_The task:_
Which lines of the records contain the word "rose"? Show each of them.

_Data to use:_
- - -
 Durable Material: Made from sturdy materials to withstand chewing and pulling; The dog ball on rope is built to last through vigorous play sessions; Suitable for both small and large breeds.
- - -
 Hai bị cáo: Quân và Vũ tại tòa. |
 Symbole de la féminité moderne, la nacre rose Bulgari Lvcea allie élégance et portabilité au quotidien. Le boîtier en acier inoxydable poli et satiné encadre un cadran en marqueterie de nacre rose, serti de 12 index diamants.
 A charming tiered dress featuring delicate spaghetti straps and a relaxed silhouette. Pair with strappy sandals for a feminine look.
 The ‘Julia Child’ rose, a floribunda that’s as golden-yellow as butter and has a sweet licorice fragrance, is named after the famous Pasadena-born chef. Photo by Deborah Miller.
- - -
_Expected answer:_
 Symbole de la féminité moderne, la nacre rose Bulgari Lvcea allie élégance et portabilité au quotidien. Le boîtier en acier inoxydable poli et satiné encadre un cadran en marqueterie de nacre rose, serti de 12 index diamants.
 The ‘Julia Child’ rose, a floribunda that’s as golden-yellow as butter and has a sweet licorice fragrance, is named after the famous Pasadena-born chef. Photo by Deborah Miller.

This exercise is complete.